• _Exercise data_
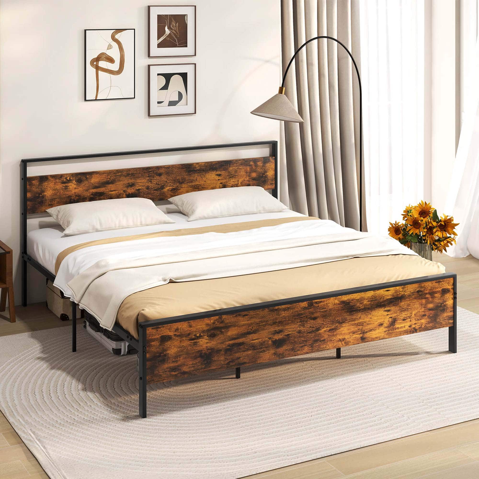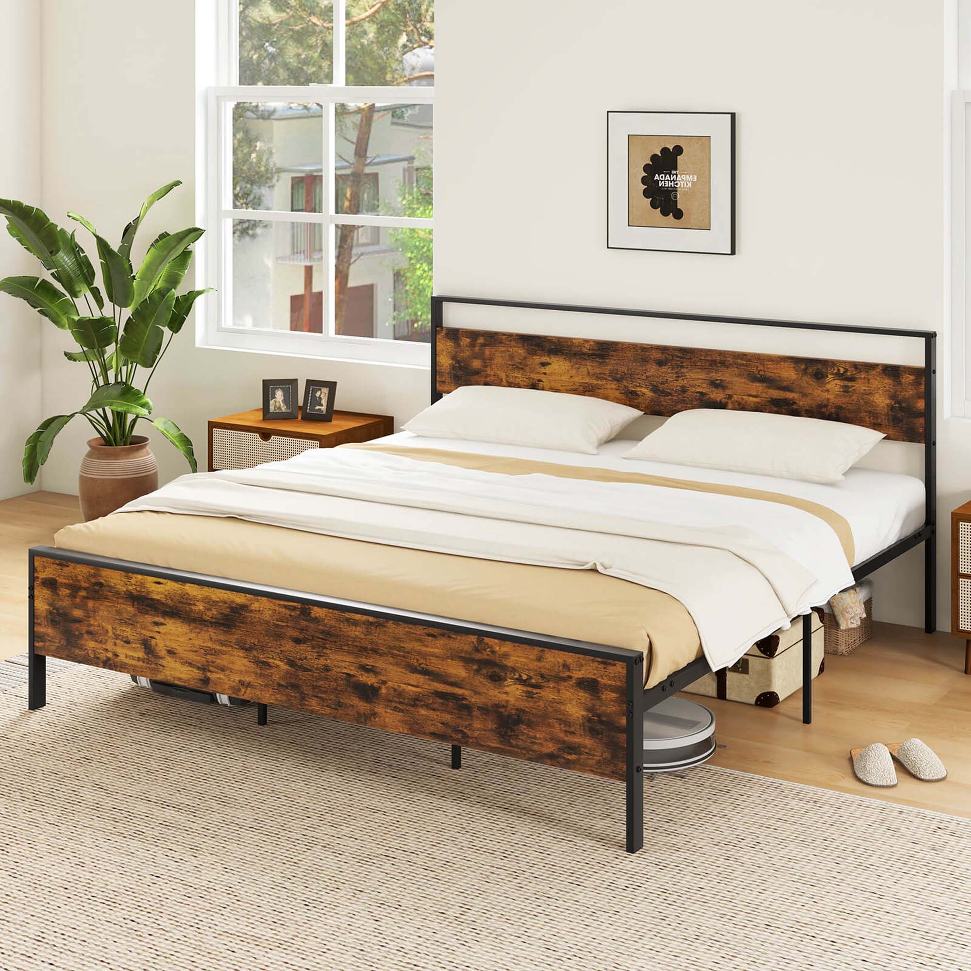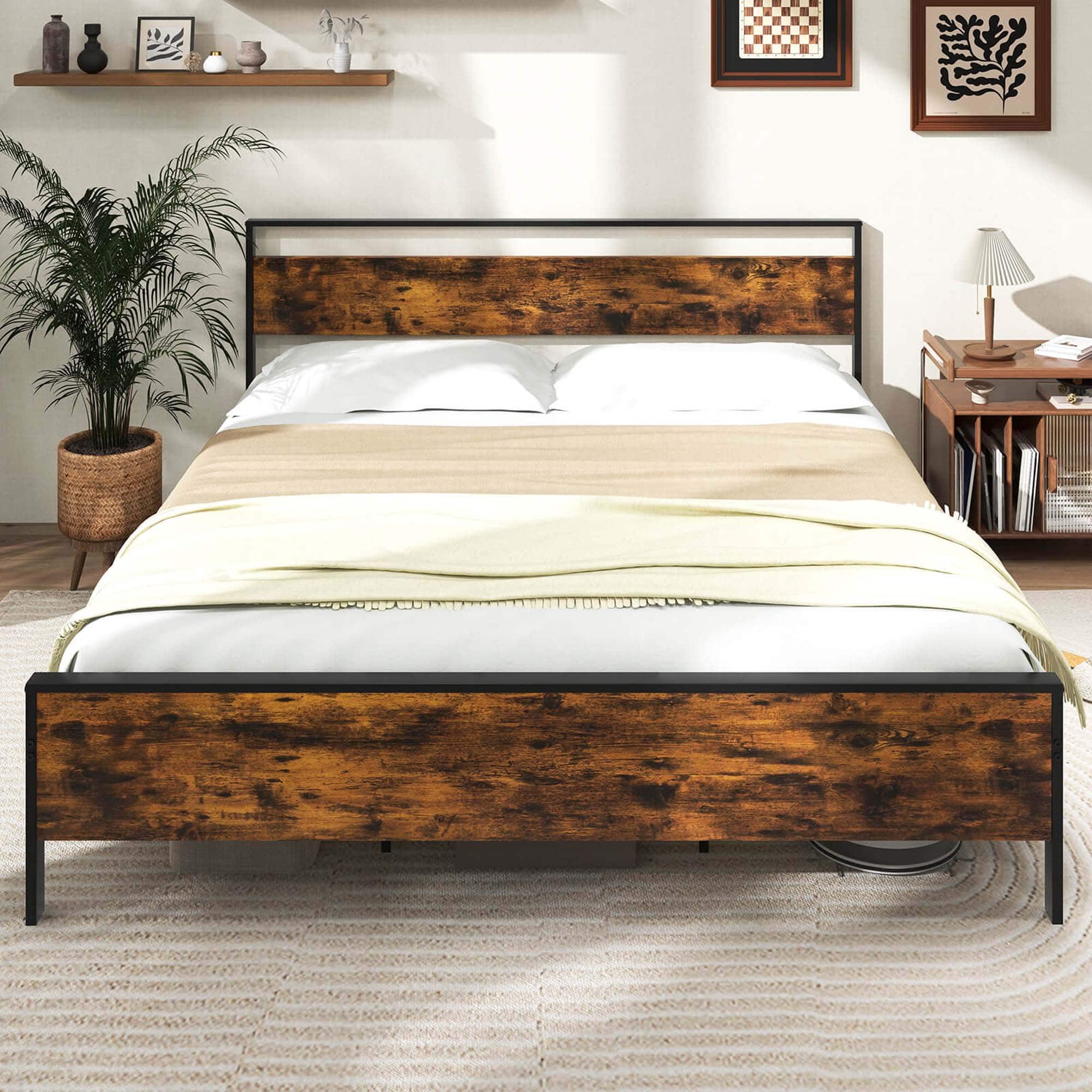- A:Answer This bed frame is constructed with a combination of metal and wood.
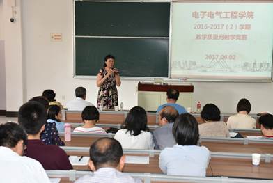 比赛现场,各专业老师同台竞技,各显其能。教师从CAD实验讲到图像处理,从前馈控制讲到了可再生能源,从关系的基本性质讲到了基本运算电路。比赛中,参赛的教师们仪表端庄,教姿自然大方;课堂讲授语言流畅、生动,概念清晰,条理分明、逻辑思维性强,重点、难点突出;将理论知识结合实际实例和视频,互动良好,课堂气氛活跃。此外,比赛还注意使用运用现代化教育方法,将德育思想注入课堂。整个竞赛过程中,11位老师抑扬顿挫的语音,独到的教学设计,巧妙地多媒体辅助演示,吸引着在场的每一位老师。最后,两位督导专家对11位老师的精彩比赛做了点评,从授课仪表到授课内容,再到讲课的方式和多媒体的使用,都进行了分析,同时也指出了青年教师在讲课时存在的一些问题。根据现场打分的情况,公司将推荐排名前三位的青年教师至公司参加校级教学竞赛。
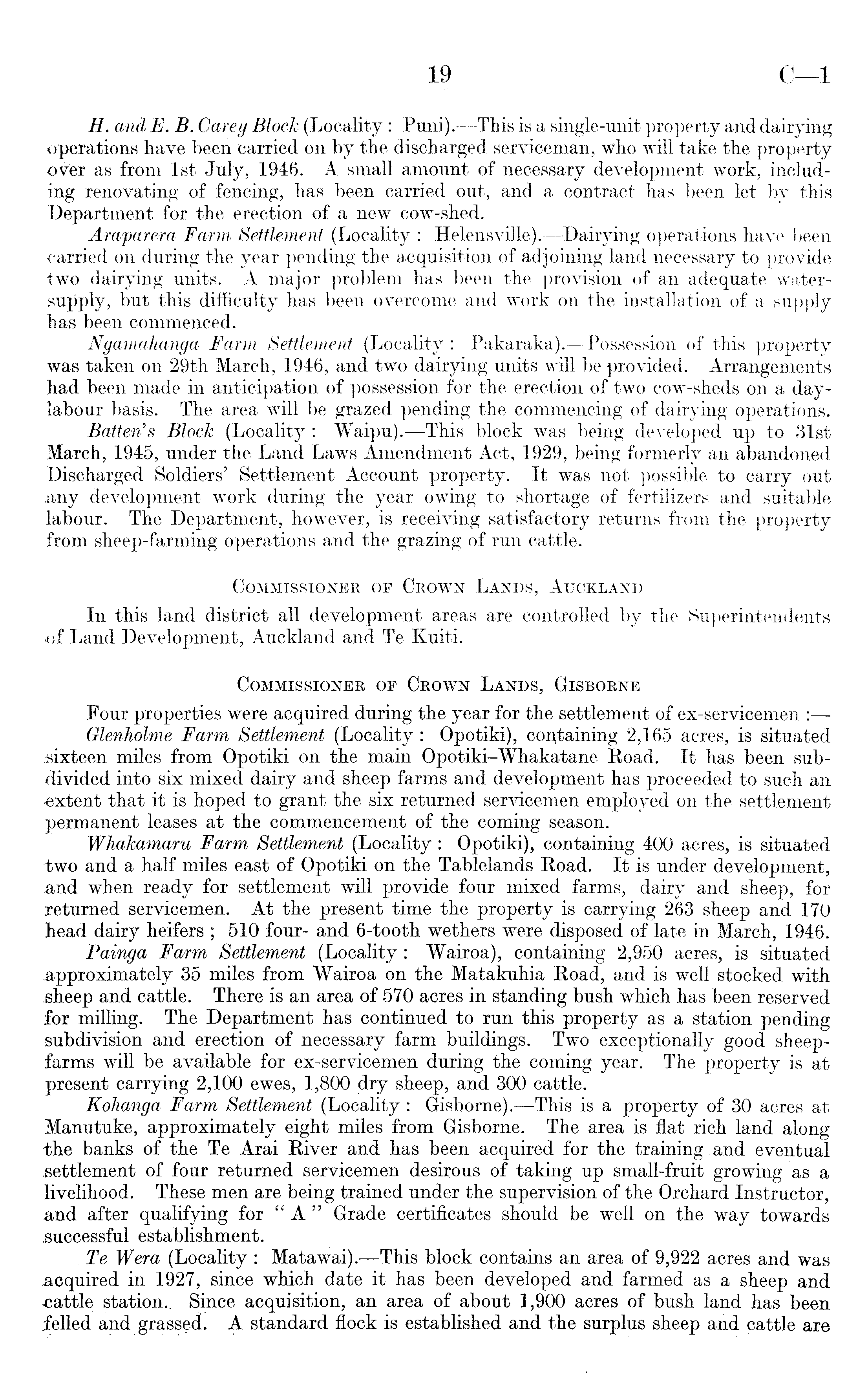 H. and E. B. Carey Block (Locality: Puni).—This is a single-unit property and dairying operations have been carried on by the discharged serviceman, who will take the property over as from Ist July, 1946. A small amount of necessary development work, including renovating of fencing, has been carried oift, and a contract has been let by this Department for the erection of a new cow-shed. Araparera Farm Settlement (Locality : Helensville). —Dairying operations have been carried on during the year pending the acquisition of adjoining land necessary to provide two dairying units. A major problem has been the provision of an adequate watersupply, but this difficulty has been overcome and work on the installation of a supply has been commenced. Ngamahanga Farm Settlement (Locality : Pakaraka). —Possession of this property was taken on 29th March, 1946, and two dairying units will be provided. Arrangements had been made in anticipation of possession for the erection of two cow-sheds on a daylabour basis. The area will be grazed pending the commencing of dairying operations. Batten's Block (Locality : Waipu).—This block was being developed up to 31st March, 1945, under the Land Laws Amendment Act, 1929, being formerly an abandoned Discharged Soldiers' Settlement Account property. It was not possible to carry out any development work during the year owing to shortage of fertilizers and suitable labour. The Department, however, is receiving satisfactory returns from the property from sheep-farming operations and the grazing of run cattle. Commissioner of Crown Lands, Auckland In this land district all development areas are controlled by the Superintendents of Land Development, Auckland and Te Kuiti. Commissioner of Crown Lands, Gisborne Four properties were acquired during the year for the settlement of ex-servicemen : Glenholme Farm Settlement (Locality: Opotiki), containing 2,165 acres, is situated sixteen miles from Opotiki on the main Opotiki-Whakatane Road. It has been subdivided into six mixed dairy and sheep farms and development has proceeded to such an ■extent that it is hoped to grant the six returned servicemen employed on the settlement permanent leases at the commencement of the coming season. Whakamaru Farm Settlement (Locality : Opotiki), containing 400 acres, is situated -two and a half miles east of Opotiki on the Tablelands Road. It is under development, and when ready for settlement will provide four mixed farms, dairy and sheep, for returned servicemen. At the present time the property is carrying 263 sheep and 170 head dairy heifers ; 510 four- and 6-tooth wethers were disposed of late in March, 1946. Painga Farm Settlement (Locality: Wairoa), containing 2,950 acres, is situated approximately 35 miles from Wairoa on the Matakuhia Road, and is well stocked with sheep and cattle. There is an area of 570 acres in standing bush which has been reserved for milling. The Department has continued to run this property as a station pending subdivision and erection of necessary farm buildings. Two exceptionally good sheepfarms will be available for ex-servicemen during the coming year. The property is at present carrying 2,100 ewes, 1,800 dry sheep, and 300 cattle. Kohanga Farm Settlement (Locality : Gisborne). —This is a property of 30 acres at Manutuke, approximately eight miles from Gisborne. The area is flat rich land along the banks of the Te Arai River and has been acquired for the training , and eventual .settlement of four returned servicemen desirous of taking up small-fruit growing as a livelihood. These men are being trained under the supervision of the Orchard Instructor, and after qualifying for "A" Grade certificates should be well on the way towards successful establishment. Te Wera (Locality : Matawai). —This block contains an area of 9,922 acres and was acquired in 1927, since which date it has been developed and farmed as a sheep and •cattle station.. Since acquisition, an area of about 1,900 acres of bush land has been felled and grassed. A standard flock is established and the surplus sheep and cattle are
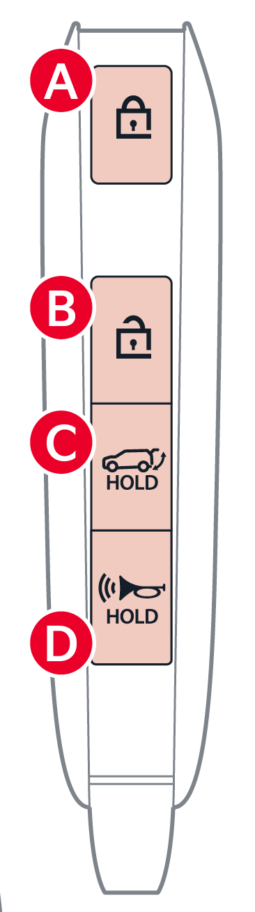 Press to unlock Driver's Door. Press twice within 4 seconds to unlock All Doors and Liftgate
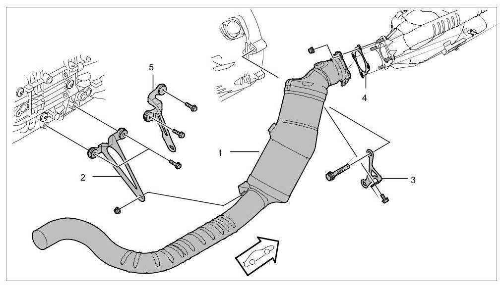- The primary catalytic converters must be installed upwards on the manifold flange with the least possible tolerance (check the distance from the rear exhaust pipe to the tunnel bridge).
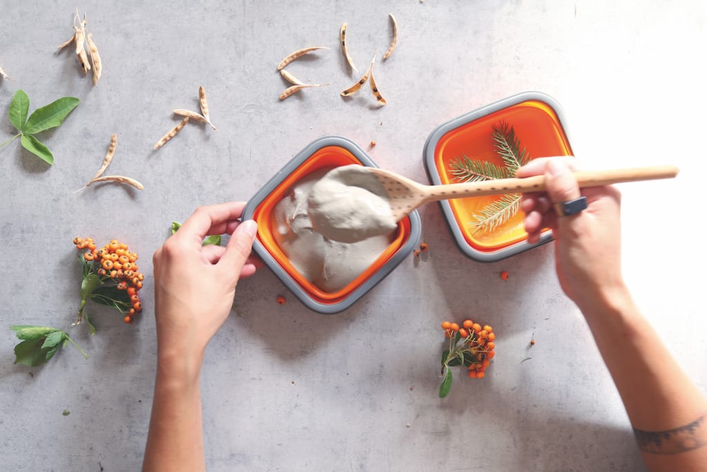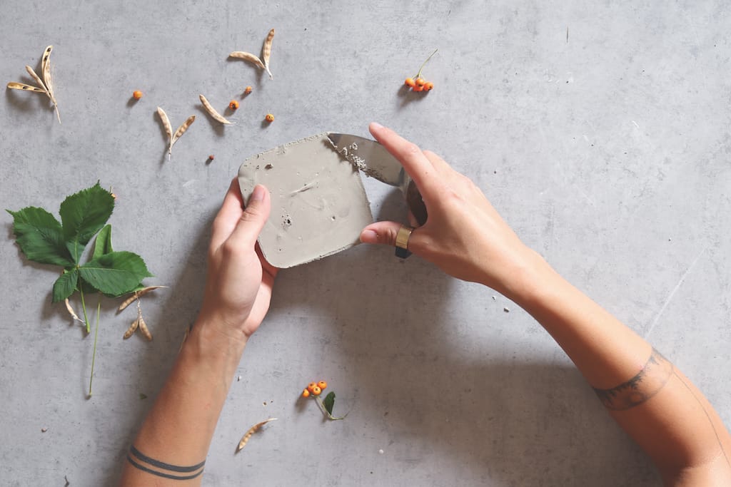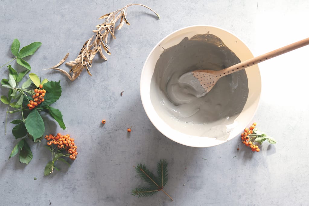 5.) Podšálku z nádoby vyklopte a odstráňte lístok. Ideálne je, keď sadra ešte nie je úplne stuhnutá. Lístok dostanete zo sadry jednoduchšie von.
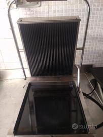 Struttura in acciaio inox piastra in vetro ceramica inferiore liscia superiore rigata dimensioni di cottura cm27x30 volt 230- watt 1700. Ingombro:34x45x19h -peso kg 14. Made in Italy -conforme alle normative. Vendo per inutilizzo.
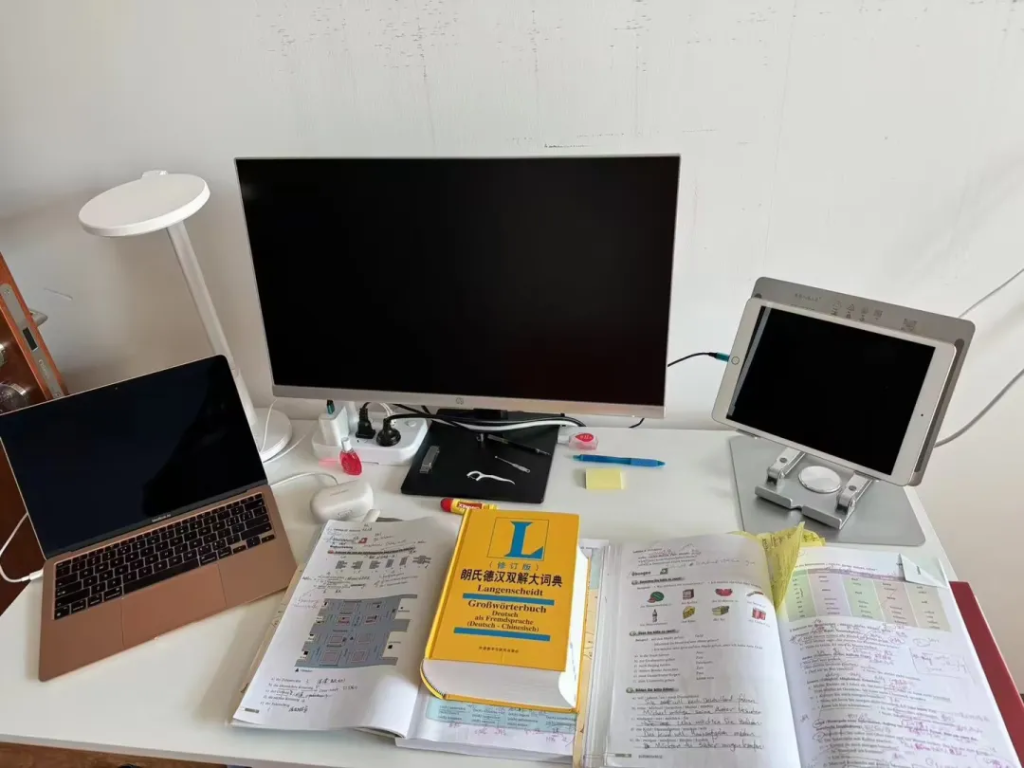 Mit diesen hellen Hintergründen studierte er jeden Tag für 16 bis 18 Stunden Deutsch. Jede Nacht gehe ich um 8 Uhr ins Bett und bin immer noch aktiv.

• _Assigned task_
In the listing, find the line with "5.) Podšálku z" and retype exactly from there through the last line, both included, leaving the pictures out.

• _Solution to the exercise_
 5.) Podšálku z nádoby vyklopte a odstráňte lístok. Ideálne je, keď sadra ešte nie je úplne stuhnutá. Lístok dostanete zo sadry jednoduchšie von.
 Struttura in acciaio inox piastra in vetro ceramica inferiore liscia superiore rigata dimensioni di cottura cm27x30 volt 230- watt 1700. Ingombro:34x45x19h -peso kg 14. Made in Italy -conforme alle normative. Vendo per inutilizzo.
 Mit diesen hellen Hintergründen studierte er jeden Tag für 16 bis 18 Stunden Deutsch. Jede Nacht gehe ich um 8 Uhr ins Bett und bin immer noch aktiv.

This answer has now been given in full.